Mechanical problems of the engine
If all systems are normal but no thrust, the engine may have lost compression. Wear of piston rings, charred valves or breakdown of the gasket of the HBC lead to the fact that the mixture is not compressed to the desired pressure before ignition. Less compression, less explosion energy, less output power.
Breakdown of the cylinder head (GBC) is an insidious malfunction. Gases can break into the cooling system, creating excess pressure and expelling antifreeze, or antifreeze can get into the cylinders. In the latter case, the machine will smoke white steam, and candles can be washed clean, which will lead to trifling and complete loss of power.
It is also worth mentioning the phases of gas distribution. If the belt or HRM chain is stretched or jumped onto the tooth, opening and closing the valves is not at the right time. This disrupts the process of filling cylinders and purging. The engine works, but its efficiency falls catastrophically, and it may simply not pull out even with the gear on.

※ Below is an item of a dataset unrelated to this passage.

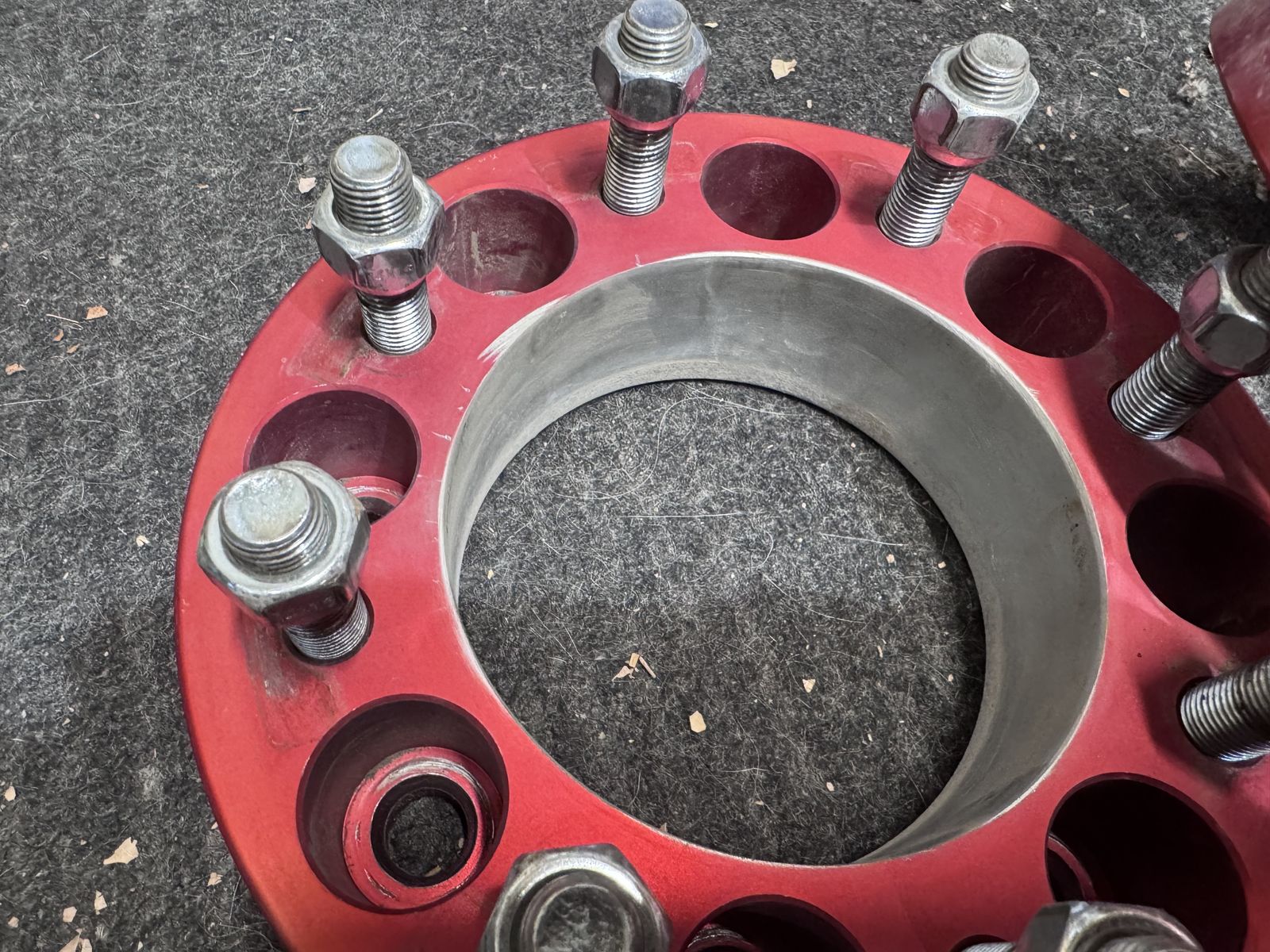 ZelleX4-Rough country 2” wheel spacers. 2 of them have been modified to fit 2017+ ford 4” axle. Good condition and will come with white spike lug nuts.

Compression measurement is a mandatory stage of diagnostics of the mechanical part of the engine in case of loss of power. The spread of values between cylinders of more than 1 atmosphere indicates the need for repair of CNG or HBC.
Frequent Questions (FAQ)
Why doesn't the car just pull up when it's loaded?

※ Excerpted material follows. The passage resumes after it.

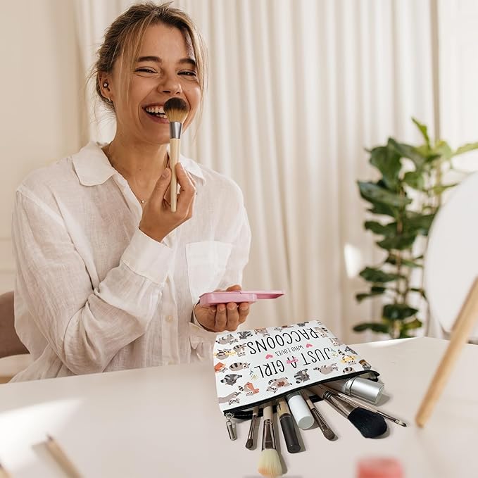Raccoon Makeup Bag - Just A Girl Who Love Raccoons, Raccoon Lover Gifts Birthday Gifts for Sister Friends Breeder Animal Lover, Cosmetic Bag Skincare Bag Toiletry Bag Pouch Travel Accessories -19

This indicates that the engine is running at its limit due to any malfunction. In light mode (one driver), the lack of power is compensated by a thrust reserve, but when fully loaded and climbing uphill, the resistance increases, and the defect (clogged filter, weak compression, towing clutch) becomes critical.
Can bad gasoline cause a loss of traction?
Yes, low-octane fuel or impurity gasoline can cause detonation. The knock sensor will constantly reset the angle of ignition ahead, which will reduce power. Also, water in gasoline can cause interruptions in the work of nozzles and ignition skips.
How does air conditioning affect the dynamics of acceleration in the slide?
The air conditioner on is putting additional stress on the engine through the compressor. If the engine is working, it compensates for this by adding speeds. If there are hidden problems (for example, air suction or a slight spark), turning on the air conditioner can be the "last straw", and the car will start to stall or twitch when trying to lift.
What if the car stalls in the middle of a steep climb?
The key is not to panic. Hold the brake tightly, turn on the hand brake (or hold the pedal if there is no handhold). Start the engine. Turn on the first gear (or L/1 on the machine). Smoothly release the clutch (or remove from the brake on the machine), adding gas a little earlier than on a flat road to prevent a rollback. Use any available stop if you feel that traction is lacking.